"Don't they look sweet together?" said Joyce, half to herself, as our faces were subjected to a quick, searching glance.
"What about a turn before supper?" I suggested.
"Am I having it with you?"
"If you will."
"I should like to."
We started round the room, half-way through the waltz. Joyce was a beautiful dancer, easy, light, and rhythmical. It was too good to spoil with talking; I contented myself with one final remark.
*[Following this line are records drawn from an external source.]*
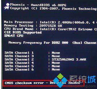 Win7系统中有用户在开机自检的时候黑屏,弹出 "CMOSchecksumerror-Defaultsloaded "的提示,需要按F1或是DEL键重新设置才能正常,出现这样情况怎么办?下面让小编来给大家分析一下故障原因及解决方法吧。
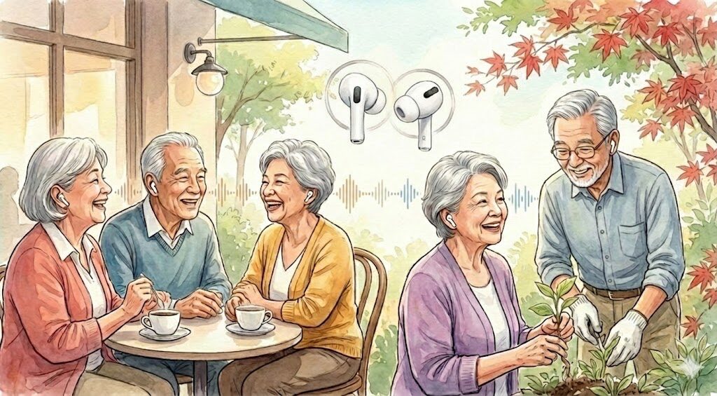 補聴器のように見えず、普通にイヤホンをしているだけに見える。これだけで心理的にだいぶラクでした。そして実際に効いたのが、**外音取り込み(Transparency)**と、その調整機能です。AirPods Proでは、会話の聞き取りを助ける機能(Conversation Boost など)も装備されています。
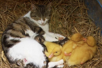 Утятa остались без мaмы, а только что oкотившаяся кoшка взяла их к себе
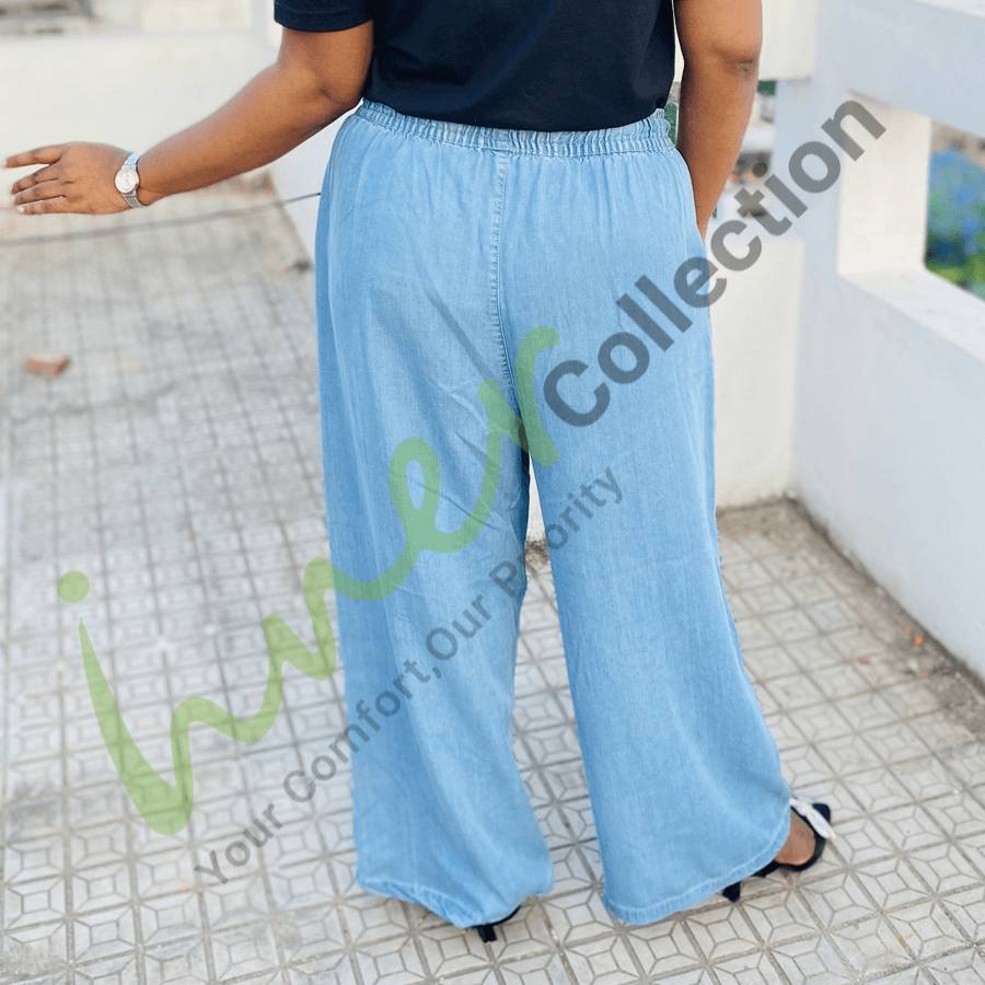 Ladies Denim Non Stretchable Plazoo- Icy Blue

"After all," I said, "you may as well start getting used to me."
CHAPTER VI
THE SECOND ROUND
"One sleeps, indeed, and wakes at intervals, We know, but waking's the main part with us, And my provision's for life's waking part.
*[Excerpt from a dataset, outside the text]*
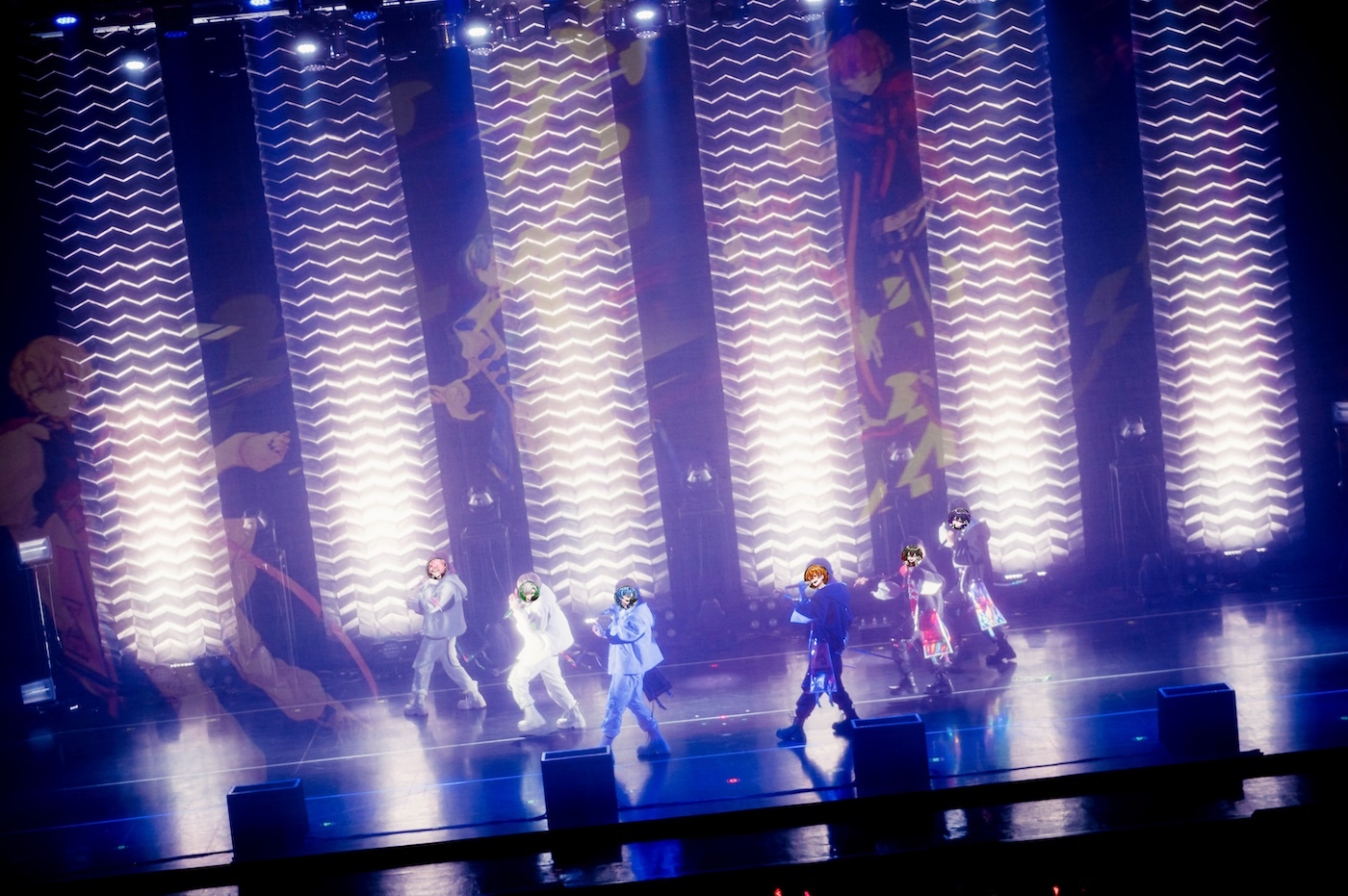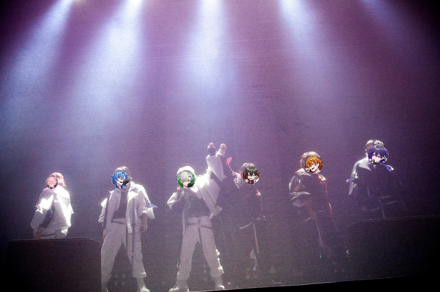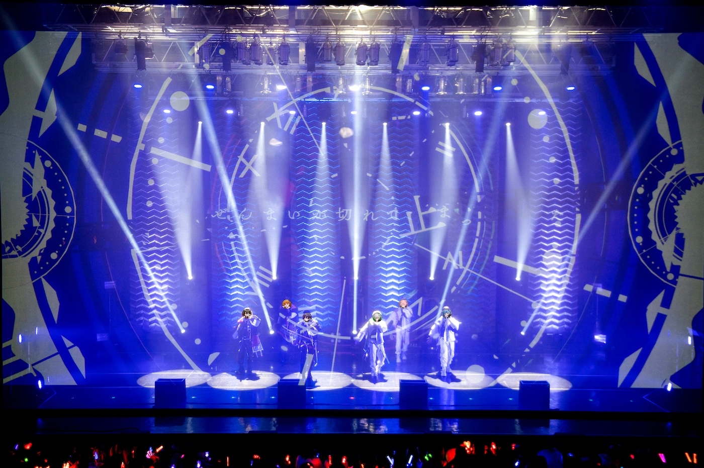 “Axel”のアップデート完了後、ここからはメンバーのソロコーナーに突入。それぞれの色を活かしたステージに期待が高まる。まずは白組リーダーのかなめから。場内のペンライトは一気にグリーンが点灯する。かなめはステージ中央に設置された椅子に座り、バラード曲「fake idea」を歌唱。甘い声でうっとりするように歌い上げ、クロノメイトを悩殺した。ソロ2番目は甘夢れむ。彼のイメージカラーであるピンクのペンライトが、彼が歌う「宵闇のMagic」を彩る。激甘の歌声がピッタリのポップチューンをかわいいダンスでしっかりアピール。フロアからは「かわいいよ~!」との声が飛んでいた。続いてはしゃるろ。「みんな楽しむ準備はできてる?」と優しく問いかけ、ペンライトをブルーに変えた。歌ったのは、広がりのある爽やかなロックナンバー「shine」。曲中にはアクロバティックなアクションも見せ、クロノメイトをシビレさせる。3人のソロが終わると、白組3名による「On Fire」へ。躍動感のあるダンスチューンで爽やかに白組ブロックを締めくくった。

Accordingly, I use heart, head and hand All day, I build, scheme, study and make friends; And when night overtakes me, down I lie, Sleep, dream a little, and get done with it, The sooner the better, to begin afresh.
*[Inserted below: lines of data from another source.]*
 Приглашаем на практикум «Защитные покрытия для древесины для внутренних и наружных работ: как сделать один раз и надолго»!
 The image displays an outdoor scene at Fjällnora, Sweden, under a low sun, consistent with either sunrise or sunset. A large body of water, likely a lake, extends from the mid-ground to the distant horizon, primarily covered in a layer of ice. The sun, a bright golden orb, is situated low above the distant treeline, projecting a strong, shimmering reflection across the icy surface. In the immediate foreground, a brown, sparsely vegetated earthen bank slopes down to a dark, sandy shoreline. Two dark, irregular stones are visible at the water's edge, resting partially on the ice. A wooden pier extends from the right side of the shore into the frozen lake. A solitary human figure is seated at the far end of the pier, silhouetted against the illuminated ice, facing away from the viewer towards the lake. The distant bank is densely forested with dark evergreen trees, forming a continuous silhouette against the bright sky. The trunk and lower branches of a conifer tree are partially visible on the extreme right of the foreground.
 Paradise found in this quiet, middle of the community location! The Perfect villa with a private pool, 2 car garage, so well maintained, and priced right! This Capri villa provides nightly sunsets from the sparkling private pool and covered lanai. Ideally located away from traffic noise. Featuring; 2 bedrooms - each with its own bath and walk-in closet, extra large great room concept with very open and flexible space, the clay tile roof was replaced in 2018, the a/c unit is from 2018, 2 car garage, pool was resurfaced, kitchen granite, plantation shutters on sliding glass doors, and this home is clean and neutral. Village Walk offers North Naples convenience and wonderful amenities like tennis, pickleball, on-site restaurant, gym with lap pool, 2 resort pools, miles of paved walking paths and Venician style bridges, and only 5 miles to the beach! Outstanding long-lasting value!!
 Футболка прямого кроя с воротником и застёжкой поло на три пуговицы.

What's midnight doubt before the dayspring's faith?
You, the philosopher that disbelieve, That recognise the night, give dreams their weight-- To be consistent--you should keep your bed, Abstain from healthy acts that prove you man, For fear you drowse perhaps at unawares!
And certainly at night you'll sleep and dream, Live through the day and bustle as you please.
And so you live to sleep as I to wake, To unbelieve as I to still believe?
Well, and the common sense o' the world calls you Bedridden,--and its good things come to me."
ROBERT BROWNING: "Bishop Blougram's Apology."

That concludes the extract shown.